Unquestionably, collapse entails suffering, and there are no guarantees that any of us will survive. Many innocent members of the human and other species will perish. Wise people from the great traditions tell us that the transition cannot be made painlessly. What is also true is that it offers something extraordinary-something like what I see in small communities where people are already creating local currencies, becoming first responders for crisis situations, organizing neighborhood watches to provide food and heat for the vulnerable, maintaining winter farmers markets, celebrating the holidays in unique ways that do not focus on consumption but rather, on cooperation. At the same time that I feel pervasive despair nationally, I see unexpected people in unexpected places seizing unexpected opportunities. Who knows if they will survive? Who knows if anyone reading this article will survive? Who knows if I will survive?

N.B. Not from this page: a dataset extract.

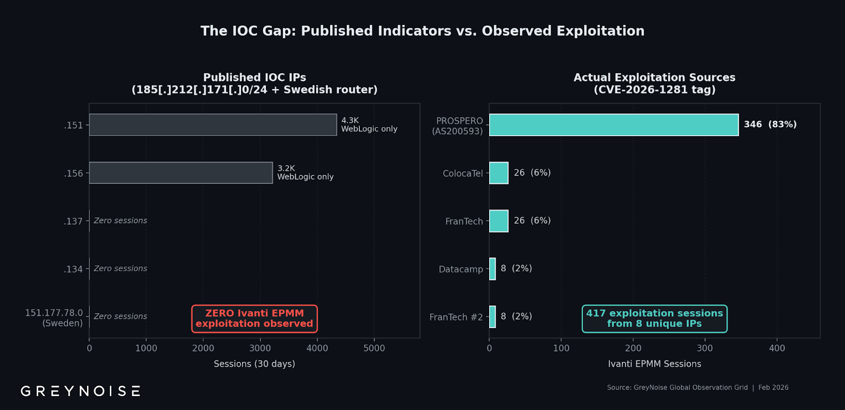 Threat intelligence firm GreyNoise recorded 417 exploitation sessions from 8 unique source IPs between February 1-9, with 346 sessions — 83% of the total — originating from 193.24.123[.]42 on infrastructure operated by PROSPERO (AS200593).

But if mere physical survival is all it's about, then we are left with nothing but doom and gloom. If, however, things like cooperation, compassion, building authentic community, and living from a new paradigm, even if only for a brief period of time, occur, then civilization will have been transcended and dealt a significant death blow. Humans who participate in those ventures will have tasted something far more momentous than mere physical survival-something civilization can only obliterate, not sustain: the opportunity to savor one's inextricable connection with all aspects of the earth community. Or as Richard Heinberg reminds us, "Growth is dead. Let's make the most of it. A crisis is a terrible thing to waste."

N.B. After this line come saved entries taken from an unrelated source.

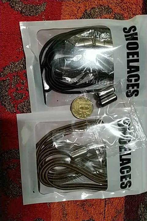 Отличные шнурки. Точнее резинки. Вроде прочные, нормально тянуться, но не слишком. В общем отлично. Длина на ботинки до щиколотки. Хотела померить длину, но уже вставила в ботинки, вытаскивать не буду. Цвет точно соответствует. Мысль с закручивающимся замком отличная! Лучше магнита. И не расшнуруется, даже если раскрутится. Я очень довольна! Закажу еще, если придумаю куда. Шло долго, больше месяца. Не отслеживалось даже когда пришло на почту.
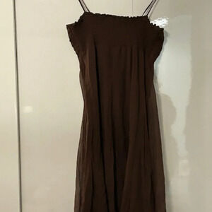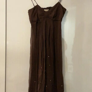 Brown, Silk Dress with Spaghetti Straps and Sequins, Sz 10
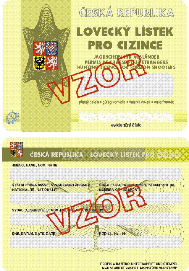 Vzor loveckého lístku pro cizince

Juan Santos, whose articles are frequently featured on the Truth to Power website says it eloquently and succinctly:
...the key tasks before us lie not in saving the global economy, not in creating a "green" economy, not in inventing new ways to exploit new energies in order to continue to mine the life of the Earth, nor in any other activity that would seek to preserve this system in any form whatsoever.
The key tasks before conscious people today are the forging of a profound understanding of what has gone wrong - a sweeping and utter re-evaluation of all values that will be tantamount to a new renaissance, a conscious re-creation and co-creation of culture. Much of that work began to be undertaken in the 1960s, and has borne important fruit, like William Kotke's work, The Final Empire. It is ours to forge an authentically sustainable culture, even in the midst of this civilization's fast approaching end - by relying on and integrating the deepest, clearest and most coherent teachings of traditional indigenous cultures, of students of the ecology, and of the multivalent healing practices of both indigenous cultures and of the new therapies that have arisen in the last 50 years. Such a movement - one that is intent on restoring the Earth and fostering social justice and renewing our cultures by incorporating the values and vision of indigenous peoples - is already underway on a global scale. Paul Hawkens, in his important book Blessed Unrest, calls it an "unstoppable movement to re-imagine our relationship to the environment and one another." His research shows that it is the largest movement in human history, involving some 2-3 million organizations worldwide and some 200 - 300 million people whose cultural, ethical, political and ecological creativity are already impacting billions. That the processes of renewal - of healing, rectifying and relearning - will best be fostered among those in living in direct contact with, and in a caretaking relationship with the Earth and other, non- human living beings should, I hope, be self evident.
As I ponder the quote by Derrick Jensen at the beginning of this article, I notice an extraordinary paradox: If I reject collapse, I reject life, not death. Civilization kills all that it touches. Could it be that the more I facilitate its demise, the more alive I become?